2. Second Decade: Year Without Summer Part I and Part II
In this two-part (so far) episode of Sean Munger’s Second Decade Podcast, he provides a fairly comprehensive history of the “The Year Without a Summer” or 1816. Munger is a climate historian, and his expertise really makes these two episodes stand out in the overall excellent Second Decade library. Munger approaches the topic with thoughtful consideration and covers many details and stories from this time period that I have not heard elsewhere. The show notes also provide further information and note which other episodes of Second Decade connect to these two episodes. If you want to learn about “The Year Without a Summer” in Canada–which Munger does not cover–make sure to check out “Canada’s Year Without a Summer” collection compiled by Alan MacEachern and Michael O’Hagan.
3. Our obsession with insects in horror films says a lot about our fear of destroying the planet
Elizabeth Horkley examines the history of a sub-genre of ‘socially-conscious horror’ in this Quartz article.

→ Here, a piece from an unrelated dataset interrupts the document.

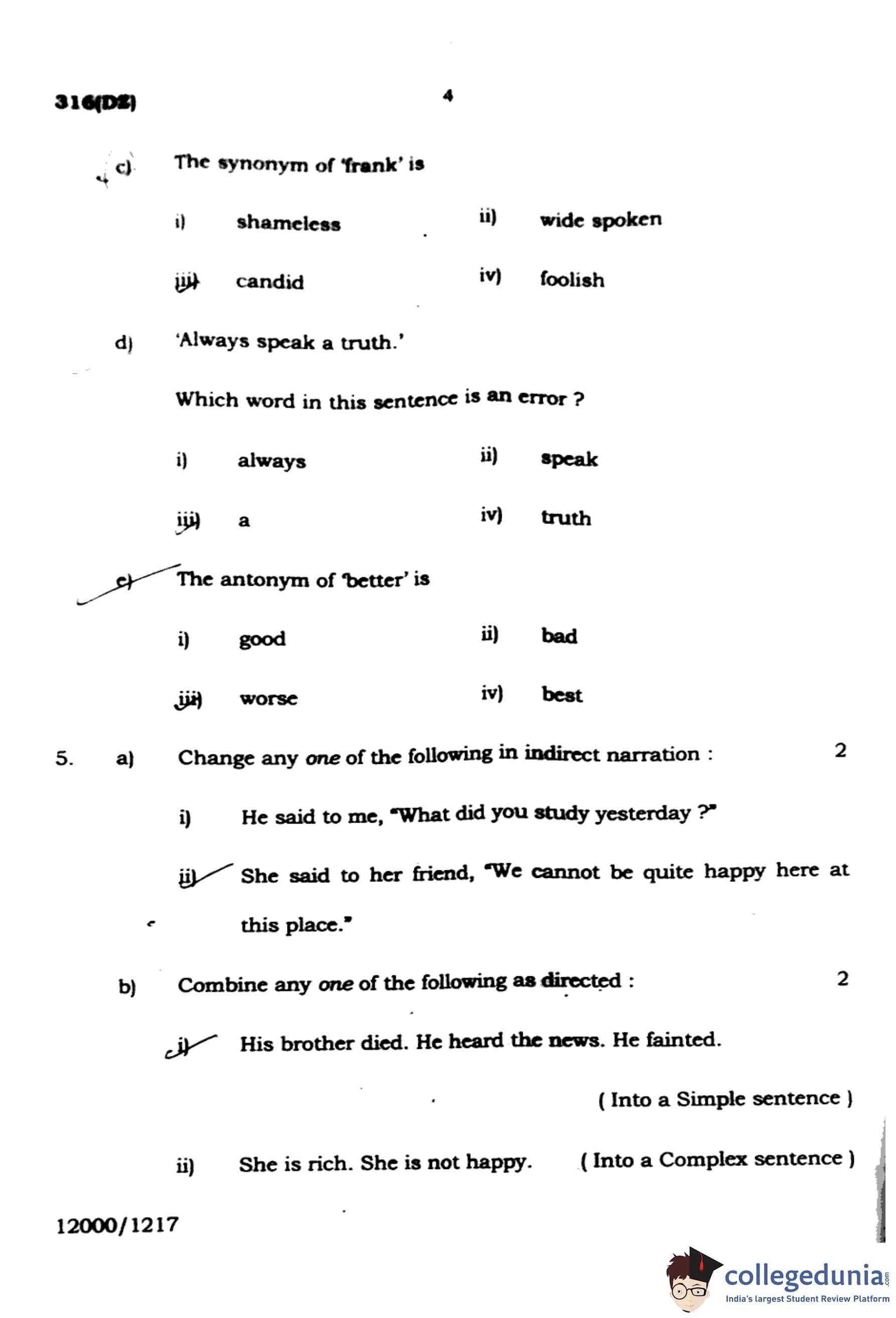 (c) The synonym of 'frank' is:

This sub-genre is the ‘ant-sploitation’ flick in which ants stand in for broader societal anxieties, or, as Horkley puts it, they stand in for “projections of collective, domestic anxiety steeped with guilt.” Horkley first looks at the 1953 film Them!, which featured ants the size of dinosaurs that reflected society’s anxiety over nuclear radiation and possible nuclear conflict. Horkley then moves on to look at the 1970s films Phase IV and Empire of the Ants, which were developed post-Silent Spring and in the atmosphere of the early environmental movement. Ants as horror monsters are significant because in day-to-day life they are usually not threatening creatures. “Ants-ploitation movies begged audiences to consider their symbolic might: a metaphor for the potential of insignificant matters and small actions to swell and become unmanageable threats,” Horkley argues.
4. The real David Attenborough
There are few figures that have stood at the center of human knowledge and understanding of the environment for as long as David Attenborough. As Patrick Barkham notes in this article, it seems that Attenborough has always been around because, at 93 years old, he has, and he has been making television nature programs since the dawn of the medium. This article takes an extensive look at Attenborough’s important career and its influence on the world. Most notably the article traces Attenborough’s switch from avoiding discussion of human society and anthropocentric ecological change in his nature documentaries and avoiding making political statements to becoming one of the leading voices for environmental action in our present-day.
This episode of Reply All begins with the tweet that lit up the internet this past summer: “Legit question for rural Americans – how do I kill the 30-50 feral hogs that run into my yard within 3-5 min while my small kids play.” P.J. Vogt begins the podcast by interviewing the author of this tweet, Willie McNabb, and uses it as a springboard to look at a very real problem in the United States: the feral hog epidemic. The episode traces the colonial beginnings of this crisis and brings it up to today. They explore how the popularity of hog hunting (as represented by The Hunter video game screenshot in the feature photo above) has actually led to the spread of the animals because hunters keep moving them into regions so that they can hunt them. The episode explores how one state, Texas, is dealing with the problem and also illuminates the disconnect between rural and urban realities.